EN 50126 RAMS — running FTA at SIL 4
SIL 4 is the highest railway safety integrity level — Tolerable Hazard Rate ≤ 10⁻⁹ per hour, the bar at which a single national authority and an Independent Safety Assessor both have to be persuaded the system won't kill people. EN 50126's RAMS process threads fault tree analysis through the V-cycle in three distinct roles: SIL apportionment (top-down), design verification (bottom-up), and safety-acceptance evidence at validation. Cross-acceptance between national authorities, the ISA review, and CSM-RA's three risk-acceptance pillars all assume the FTAs hold up. This guide covers the framework, the apportionment math, a worked ETCS Movement Authority enforcement tree, and what an ISA actually checks.
Why rail SIL 4 is its own conversation
Rail safety cases differ from automotive (ISO 26262) and aerospace (ARP 4761) submissions in three structural ways that shape how the FTA is built:
- Cross-acceptance between national authorities. A signalling system designed for Deutsche Bahn must be re-acceptable to SBB, SNCF, NS, ADIF and a dozen other infrastructure managers, each with its own national notified body and its own historical preferences for risk demonstration. EU Regulation 402/2013 (the Common Safety Method on Risk Assessment, CSM-RA) is the harmonisation framework, but in practice each national authority still applies its own emphasis. An FTA that survives BNetzA scrutiny may be challenged on different grounds by ORR, even though both reference the same standards. The tree's structural conventions — the choice of cut-set ordering, the level of decomposition, the data-source citations — have to anticipate this multi-jurisdiction review.

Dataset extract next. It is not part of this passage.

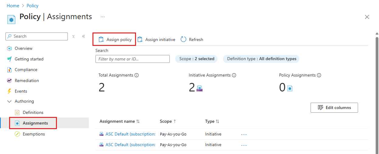 Wenn Sie die Richtliniendefinition zuweisen möchten, an der Sie die Richtlinie erzwingen möchten, erstellen Sie eine Richtlinienzuweisung, wie weiter unten in diesem Artikel beschrieben.

- Independent Safety Assessment is mandatory at SIL 3 and SIL 4. EN 50129 §5.1.4 requires an ISA performed by an entity organisationally independent of the developer (an accredited NoBo or ISA — DEKRA, TÜV, RINA, Lloyd's Register, BV, Certifer). The ISA reads every FTA in the safety case and produces an independent opinion. ISAs are typically more sceptical than internal reviews; an FTA that passes internal verification routinely fails ISA on points the developer didn't consider contentious.

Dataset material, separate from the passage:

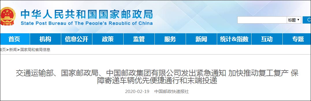據中華人民共和國國家郵政局官網消息,2月19日,交通運輸部、國家郵政局、中國郵政集團有限公司發出緊急通知,要求加快推動復工復產、保障郵政快遞車輛優先便捷通行、切實保障末端投遞、加強一線從業人員防護,更好支撐疫情防控、物資運轉、經濟秩序恢復和保障人民羣眾生產生活需要。以下為通知全文:

- CSM-RA's three risk-acceptance pillars treat FTA as one of three justification routes. The CSM-RA framework lets a hazard be accepted by (a) following an established Code of Practice, (b) similarity to a Reference System with established safety record, or (c) Explicit Risk Estimation backed by analysis. FTA underpins (c). For new technologies (ETCS Level 3, autonomous train operation, FRMCS-based supervision) where Codes of Practice don't yet exist and Reference Systems are sparse, FTA is the only available pillar. SIL 4 systems built on novel architectures lean on FTA harder than systems with decades of operational pedigree.
The fourth structural difference, less specific to SIL 4 but pervasive in rail, is the lifetime: trains are in service 30–40 years, signalling systems often longer. The FTA has to survive that long with operational data feeding back through the RAMS process at every modification. Phases 11–14 of EN 50126:2017 (Operation, Performance Monitoring, Modification, Decommissioning) all generate inputs that potentially revise the FTA — a frequency rail engineers take for granted but that startles cross-domain colleagues.

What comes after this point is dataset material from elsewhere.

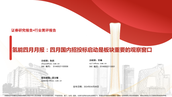 【中信建投证券】【20240408】氢能行业四月月报:四月国内招投标启动是板块重要的观察窗口-17页 行业研究

Step 1The RAMS V-cycle and where FTA enters
EN 50126:2017 specifies a 14-phase V-cycle covering the system from concept to disposal. FTA isn't called for in every phase, but it threads through several with different roles each time:
| RAMS phase | FTA role |
|---|---|
| Phase 3 — Risk analysis & evaluation | Preliminary fault trees identify top events for each hazardous functional failure. Quantification is order-of-magnitude — used to assign initial SIL targets via CENELEC R2A2 risk matrix or CSM-RA equivalent. |
| Phase 4 — System requirements specification | Top-event probability targets (Tolerable Hazard Rates, THRs) become safety requirements traced to the FHA-equivalent register. Each SIL 4 hazard's THR (typically 10⁻⁹/h to 10⁻⁸/h) is fixed at this point and doesn't change downstream without a re-justification cycle. |
| Phase 5 — Apportionment of system requirements | Primary FTA usage. Top-down decomposition of each SIL 4 hazard's THR into subsystem-level allocations. Each branch's basic-event THRs sum (or multiply, under AND gates) to the parent THR. Output: a per-subsystem Safety Requirement Specification with allocated THRs and SILs. |
| Phase 6 — Design and implementation | Primary FTA usage. Bottom-up verification: as each subsystem's design data becomes available, its actual THR is computed and compared to the Phase-5 allocation. Re-quantification with validated data; re-design when allocations are missed. |
| Phase 7 — Manufacturing | FMEA at component level, traceability of FMEA failure modes to FTA basic events. Reused from Phase 6 if the design hasn't changed. |
| Phase 8 — Installation | Installation-specific hazards (track geometry, climate, traffic profile) added as new basic events; the per-installation FTA may differ from the generic-product FTA. |
| Phase 9 — System validation | Cut-set verification against operational test data. ISA reviews the FTA artefacts at this phase. |
| Phases 11–13 — Operation, monitoring, modification | Operational reliability data feeds back; basic-event probabilities update; the FTA is re-quantified periodically (typically annually for SIL 4) and on every modification. |
The two phases where FTA is the primary deliverable are 5 (apportionment) and 6 (verification). The same tree structure is used for both, but the basic-event probabilities differ — Phase 5 uses allocations the engineering team is committing to, Phase 6 uses validated component data once the design is real. Reviewers compare the two versions: the gap between "what we allocated" and "what we actually achieved" is itself a piece of evidence about the maturity of the design process.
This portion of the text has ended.